━━ The input ━━

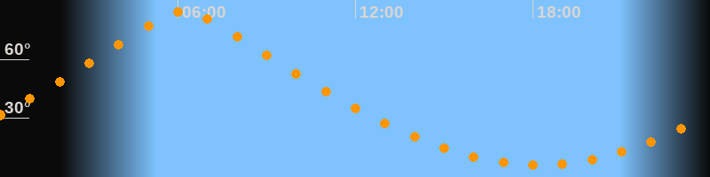 | Höchster Stand (Kulmination) | 06:13 Uhr (h = 84,7°) |
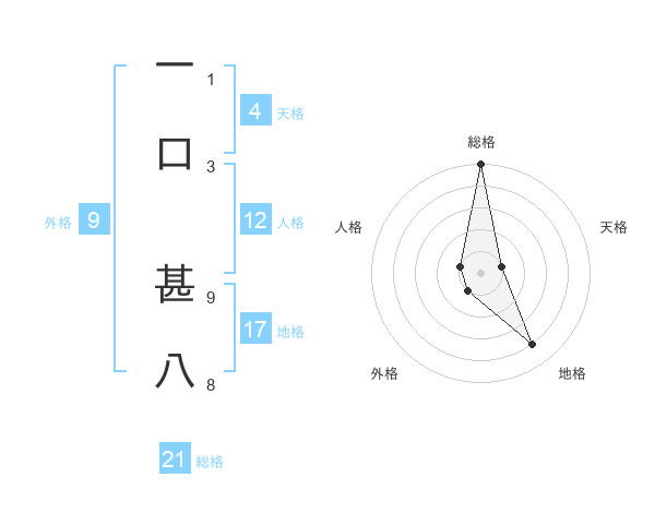 一口 甚八さんの総格は21画の5点!
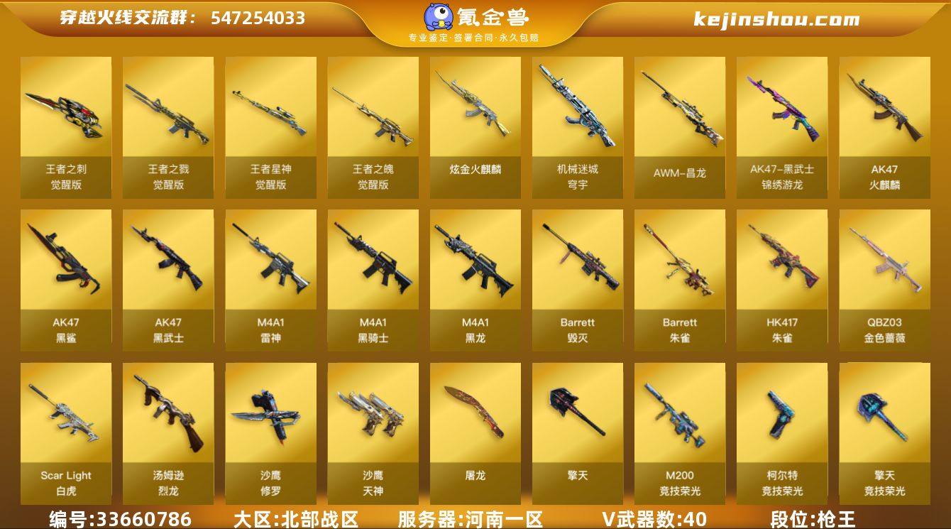 【ky7073】河南一区-48V-5王者武器数-1炫金武器数 【热门武器】:QBZ03-金色蔷薇,Scar Light-白虎,HK417-朱雀,M200-竞技荣光,死亡之眼,M4A1-黑骑士,汤姆逊-烈龙*5,羊驼玩偶,裁决-雪莉杨,USP-雷暴,沙鹰-修罗*3 【王者炫金武器】:炫金火麒麟 【音效卡】:M4A1-黑龙音效卡,M4A1-黑骑士音效卡,AWM-昌龙-怀旧音效卡*2 【皮肤】:雷神-暗月,雷神-荣耀之魄,雷神-航星皮肤,雷神-诺拉 皮肤,炼狱-月 皮肤,火麒麟-轻羽皮肤,毁灭-战神张飞,毁灭-BEAN-2020MVP,毁灭-神秘黑洞皮肤,毁灭-英雄计划 皮肤,黑龙-能量核心,黑骑士-暗月,擎天-蒸汽钟表 皮肤 【角色】:电竞教官-云悠悠,战地猎狐,初恋灵狐,芳心审判者,飞虎队-X,嘉年华灵狐,猎狐者-追月,龙儿,玫瑰花神,潘多拉-甜心教官,蛇姬,蜀雪,兔囡囡,樱-战斗天使,幽,游珑儿,潘多拉-N,团团 【人偶武器】:裁决-雪莉杨,AWM-灵狐-15周年嘉年华,迷你牛牛,迷你生化手雷,生化手雷-机甲核心 【暴走生化】:死亡之眼,超级对讲机 【挑战大师】:激光毁灭者III 【英雄级武器】:AK47-火麒麟,M4A1-黑龙,M4A1-雷神*3,M4A1-黑骑士,AK47-黑武士,AK47-黑鲨,HK417-朱雀,Scar Light-白虎,QBZ03-金色蔷薇,黑...
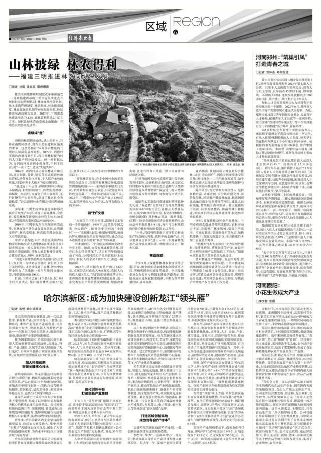 “首張林票發(fā)行、首個全國林業(yè)改革發(fā)展綜合試點市、首創(chuàng)國有林場差異化績效管理激勵機(jī)制……一系列改革舉措先行先試,始終緊扣實現(xiàn)生態(tài)效益、社會效益和百姓收益共贏。”三明市林業(yè)局局長陳平說,2022年,三明市林業(yè)產(chǎn)業(yè)總產(chǎn)值達(dá)1258億元,農(nóng)民涉林收入達(dá)7107元,占可支配收入的30.6%。
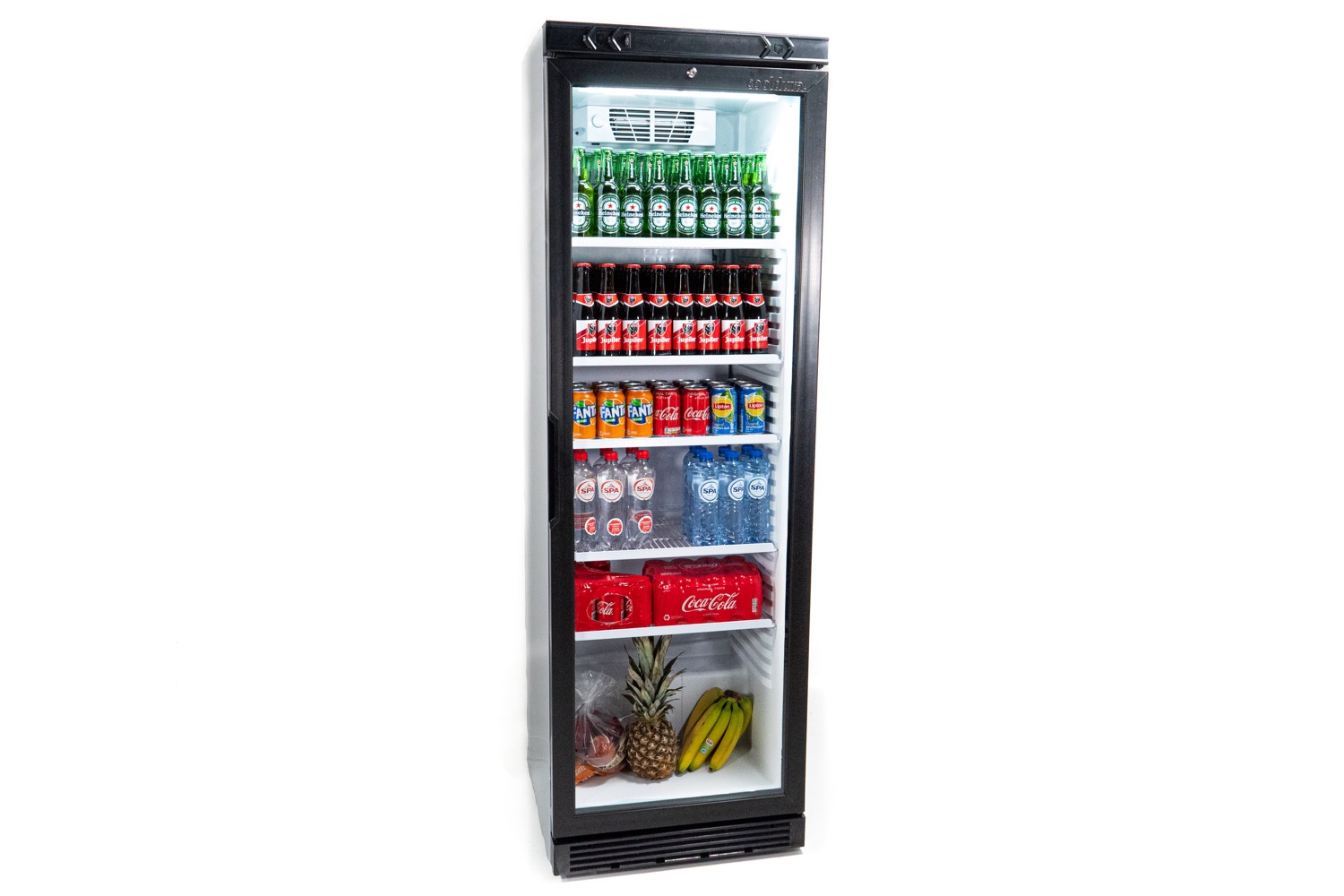 Met deze mooie horeca koelkast beschik je over een flinke ruime koeling. De staande koelkast is gemakkelijk te openen met het stevige handvat aan de glazen deur. Met de speciaal voor deze koelkast gemaakte trolley kun je de staande koelkast super makkelijk vervoeren naar je feestlocatie of terug in het magazijn. De 5 schappen zijn goed te verdelen, je kunt de schappen namelijk elke 12mm plaatsen in de koelkast.
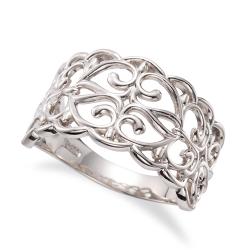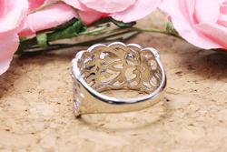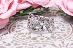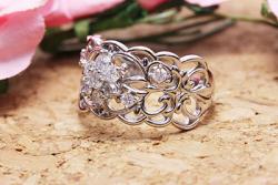 普段使いできるようなデザインがご希望だったので、幅広タイプの既成のデザイン枠に、中央部の花柄のパーツを少しアレンジしてそのままセッティングをする方法をご提案させていただきました。
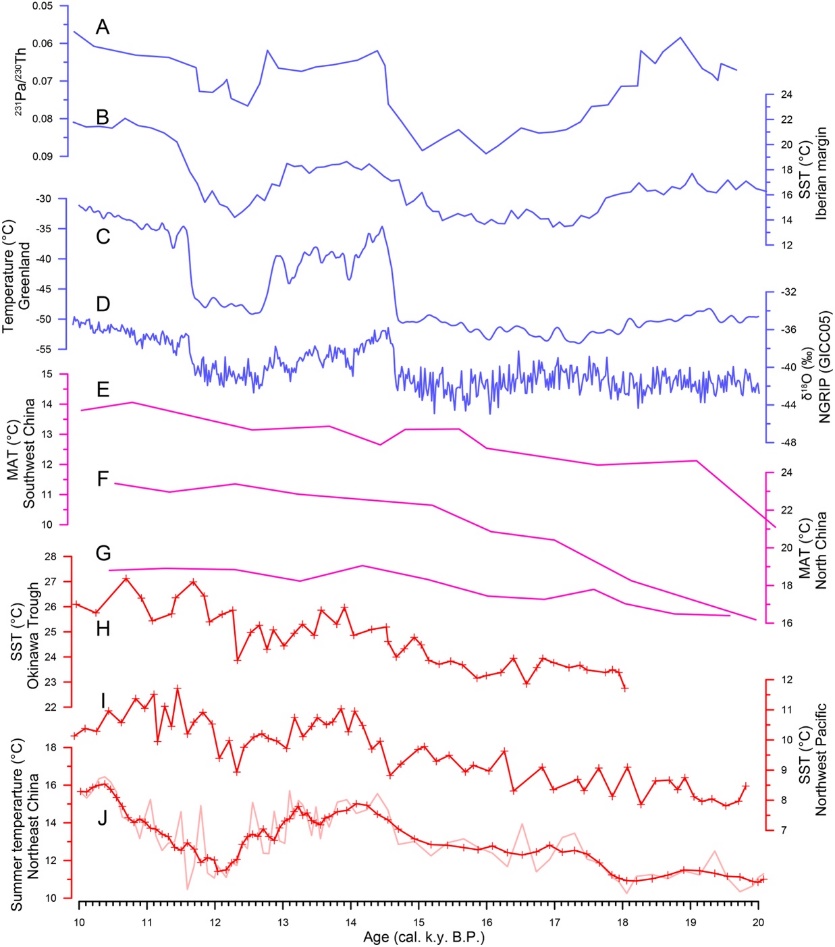 图2 北大西洋,西北太平洋和东亚地区温度记录对比。A .AMOC强度指标;B.北大西洋温度记录;C.格陵兰温度记录;D.格陵兰冰芯氧同位素;E-G.东亚地区年均温度记录;H- I.西北太平洋海表温度记录;J.基尔果天池夏季温度记录(本研究)
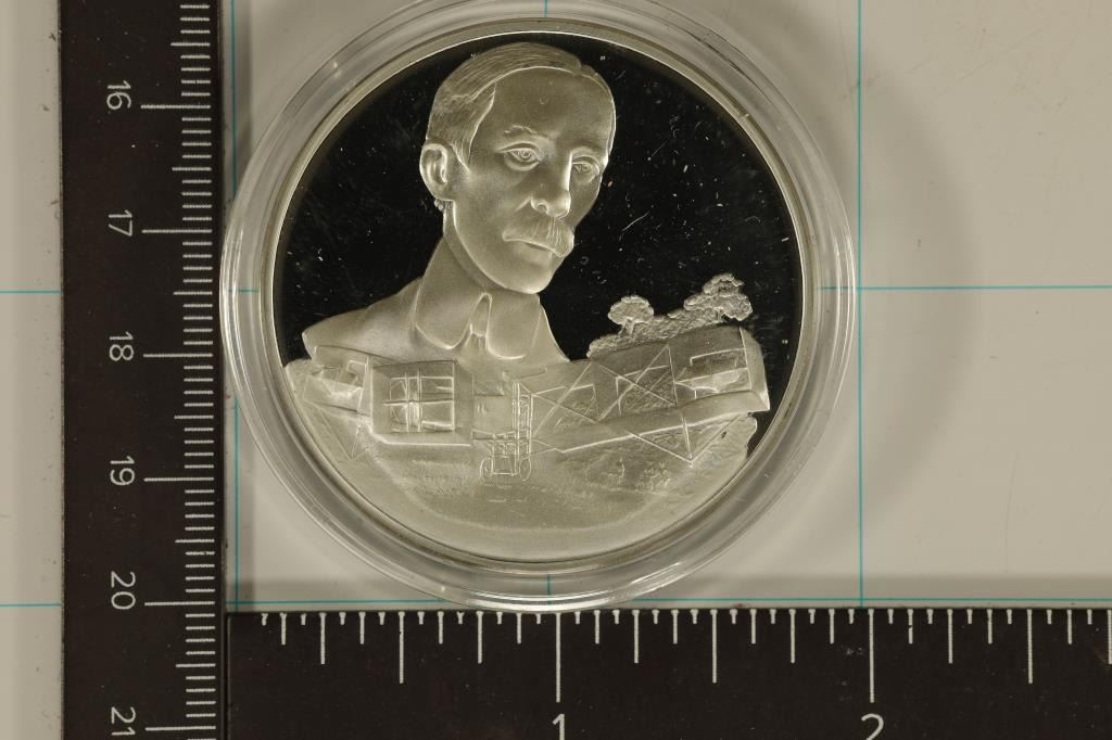 ALBERTO SANTOS-DUMONT (1873-1932) FIRST AEROPLANE FLIGHT IN EUROPE 12TH NOVEMBER 1906. IN HARD PLASTIC CAPSULE

━━━

*Work order:* Each line of the data above should be reproduced without alteration, and no picture should appear in the copy.

*Written solution:*
 | Höchster Stand (Kulmination) | 06:13 Uhr (h = 84,7°) |
 一口 甚八さんの総格は21画の5点!
 【ky7073】河南一区-48V-5王者武器数-1炫金武器数 【热门武器】:QBZ03-金色蔷薇,Scar Light-白虎,HK417-朱雀,M200-竞技荣光,死亡之眼,M4A1-黑骑士,汤姆逊-烈龙*5,羊驼玩偶,裁决-雪莉杨,USP-雷暴,沙鹰-修罗*3 【王者炫金武器】:炫金火麒麟 【音效卡】:M4A1-黑龙音效卡,M4A1-黑骑士音效卡,AWM-昌龙-怀旧音效卡*2 【皮肤】:雷神-暗月,雷神-荣耀之魄,雷神-航星皮肤,雷神-诺拉 皮肤,炼狱-月 皮肤,火麒麟-轻羽皮肤,毁灭-战神张飞,毁灭-BEAN-2020MVP,毁灭-神秘黑洞皮肤,毁灭-英雄计划 皮肤,黑龙-能量核心,黑骑士-暗月,擎天-蒸汽钟表 皮肤 【角色】:电竞教官-云悠悠,战地猎狐,初恋灵狐,芳心审判者,飞虎队-X,嘉年华灵狐,猎狐者-追月,龙儿,玫瑰花神,潘多拉-甜心教官,蛇姬,蜀雪,兔囡囡,樱-战斗天使,幽,游珑儿,潘多拉-N,团团 【人偶武器】:裁决-雪莉杨,AWM-灵狐-15周年嘉年华,迷你牛牛,迷你生化手雷,生化手雷-机甲核心 【暴走生化】:死亡之眼,超级对讲机 【挑战大师】:激光毁灭者III 【英雄级武器】:AK47-火麒麟,M4A1-黑龙,M4A1-雷神*3,M4A1-黑骑士,AK47-黑武士,AK47-黑鲨,HK417-朱雀,Scar Light-白虎,QBZ03-金色蔷薇,黑...
 “首張林票發(fā)行、首個全國林業(yè)改革發(fā)展綜合試點市、首創(chuàng)國有林場差異化績效管理激勵機(jī)制……一系列改革舉措先行先試,始終緊扣實現(xiàn)生態(tài)效益、社會效益和百姓收益共贏。”三明市林業(yè)局局長陳平說,2022年,三明市林業(yè)產(chǎn)業(yè)總產(chǎn)值達(dá)1258億元,農(nóng)民涉林收入達(dá)7107元,占可支配收入的30.6%。
 Met deze mooie horeca koelkast beschik je over een flinke ruime koeling. De staande koelkast is gemakkelijk te openen met het stevige handvat aan de glazen deur. Met de speciaal voor deze koelkast gemaakte trolley kun je de staande koelkast super makkelijk vervoeren naar je feestlocatie of terug in het magazijn. De 5 schappen zijn goed te verdelen, je kunt de schappen namelijk elke 12mm plaatsen in de koelkast.
 普段使いできるようなデザインがご希望だったので、幅広タイプの既成のデザイン枠に、中央部の花柄のパーツを少しアレンジしてそのままセッティングをする方法をご提案させていただきました。
 图2 北大西洋,西北太平洋和东亚地区温度记录对比。A .AMOC强度指标;B.北大西洋温度记录;C.格陵兰温度记录;D.格陵兰冰芯氧同位素;E-G.东亚地区年均温度记录;H- I.西北太平洋海表温度记录;J.基尔果天池夏季温度记录(本研究)
 ALBERTO SANTOS-DUMONT (1873-1932) FIRST AEROPLANE FLIGHT IN EUROPE 12TH NOVEMBER 1906. IN HARD PLASTIC CAPSULE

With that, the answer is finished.